Ситуация, действительно, была из ряда вон. Ничего подобного не случалось очень давно, и все успели порядком расслабиться, позабыв о том, что благополучие благополучных не вечно, как и терпение терпящих. Рано или поздно роли меняются: первым приходится терпеть, пока вторые бьются в кровь за благополучие.

— Рашель! – окликнул я. – Запри все окна и двери! Роб, быстро ко мне!

Медлить было недопустимо. Неизвестно точно, насколько всё плохо. СМИ едва ли были объективным мерилом масштаба проблемы. Если верить брату, когда всё хорошо, СМИ обычно сгущают краски – чтобы мы сильно не расслаблялись. Когда же всё плохо, СМИ обычно не договаривают всей правды – чтобы мы сильно не напрягались. Сейчас, похоже, было самое время напрячься.

Я быстро перепрограммировал Роба и предложил Рашель протестировать работу защитной программы. Мы решили разыграть сценку банального семейного конфликта и посмотреть, как поведёт себя наш робо-защитник.

— Твою мать, Рашель! – заревел я настолько правдоподобного, насколько мог. – Какого чёрта одно и то же?! Ты целый день сидишь дома, я прихожу с работы в надежде на горячий ужин, а получаю холодный приём.

— Ну, я же не кухарка! – возразила Рашель.

Это было бы забавно и даже смешно, если бы не происходило при таких обстоятельствах. Только поэтому никто из нас даже не улыбался. Это делало нашу игру намного убедительней.

— Как же меня достало твоё безделье и несостоятельность в роли жены! Ты вообще понимаешь, как я устаю, бессовестная ты сука!

— Да как ты смеешь! Нужна домработница – женился бы на роботе. И не портил бы жизнь ни себе, ни мне.

Я злобно шагнул к Рашель, закатывая рукава и замахиваясь. Это был условный знак. Рашель бросилась от меня прочь и на ходу крикнула: «Роб, на помощь!». Предполагалось, что Роб активизирует защитную программу и вступится за хозяйку, которой угрожает опасность.

Однако Роб, следивший за ссорой, оценил её по-своему. Злобно оскалившись, он кинулся за Рашель, скрутил её и потащил ко мне.

— Отбой! – гаркнул я на робота, и он тут же отключился. – Рашель, милая, ты цела?

Она испугано смотрела то на меня, то на робота и не могла проронить ни слова. Я погладил её и поцеловал.

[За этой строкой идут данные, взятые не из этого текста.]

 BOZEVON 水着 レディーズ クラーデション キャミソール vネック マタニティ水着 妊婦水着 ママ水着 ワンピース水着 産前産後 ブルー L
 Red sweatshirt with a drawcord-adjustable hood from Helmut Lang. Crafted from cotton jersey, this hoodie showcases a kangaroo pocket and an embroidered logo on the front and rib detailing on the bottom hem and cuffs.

— Да. Вроде цела, — прошептала она. – Что это было?

— Не знаю, сейчас проверим. Роб, — окликнул я. – Отчёт защитной программы! Быстро!

Роб активировался и обычным дружелюбным голосом кавайной тян объяснился:

— В соответствии с заводской настройкой «Равенство», все участники конфликта равны. Я защищаю того, кто прав, безотносительно пола, расы, возраста и других переменных, не имеющих отношения к инциденту.

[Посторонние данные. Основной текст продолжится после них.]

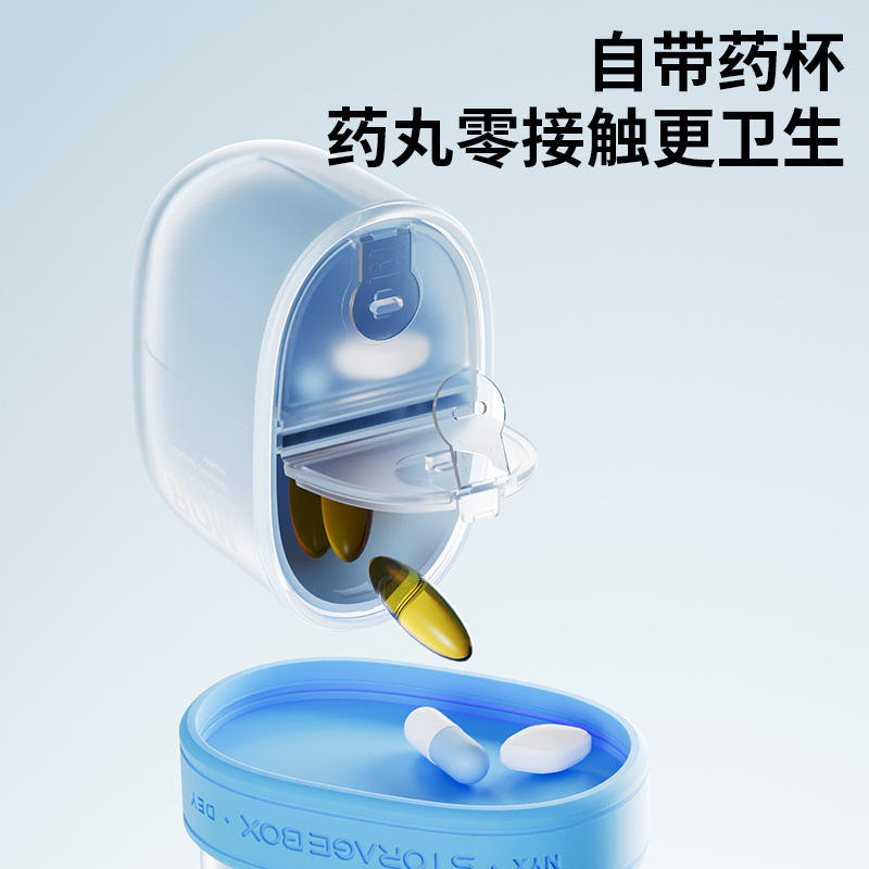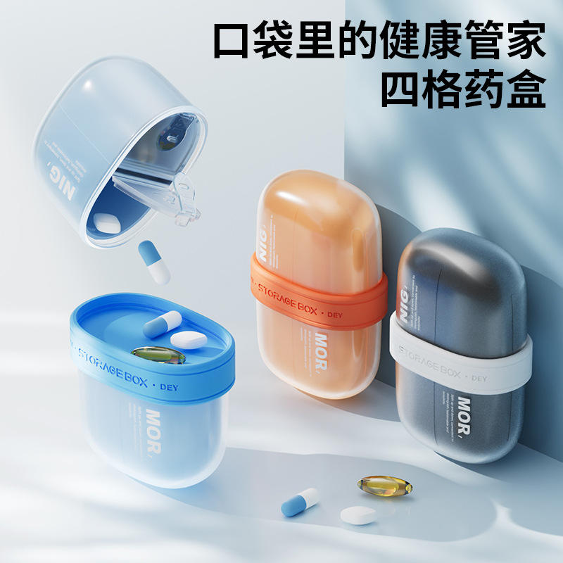 Portable Capsule Pillbox 4 Compartments Removable Sealable Medicine Storage Case Dark Night Black Ice Lake Blue Coral Orange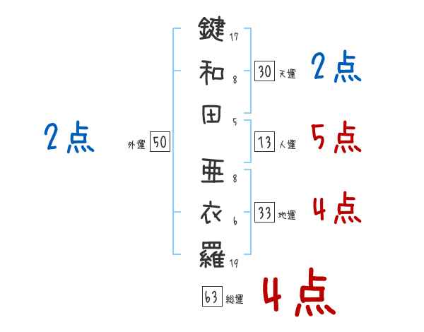総運![]() | 鍵和田亜衣羅さんの総運は63画の4つ星!家庭運がよく順調な生活。温和な性格。 あなたの人生を表す1番重要な運勢です。生涯を通じて影響する総合運となり、主に50歳以降の晩年期に影響を及ぼします。 |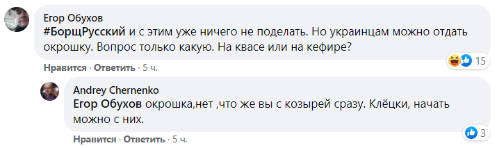 А вчера тему подхватил российский шоумен Андрей Бочаров, который написал пост о "русском борще". На это заявление гневно отреагировали украинские "борще-патриоты". Которых в свою очередь начали троллить россияне, угрожая "вслед за борщом аннексировать сало".

— Вот те на! – развела руками Рашель.

Я взревел и пнул стоящий поблизости журнальный столик. Нервы начали сдавать. Я пытался дышать глубже и спокойней, но нападение на Рашель совсем выбило меня из седла – теперь я был не на коне. Роб поспешил навести порядок и собрать разлетевшиеся со столика вещи.

— А ну стоять! – рявкнул я. – Ко мне!

Я вновь забрался в прошивку Роба, нашёл дефектную программу и заменил её на имеющуюся альтернативу – установку «Неравенство». Вчитываться в её спецификации я не стал – не было времени. Проще было принять пользовательское соглашение и проверить работу программы ещё раз.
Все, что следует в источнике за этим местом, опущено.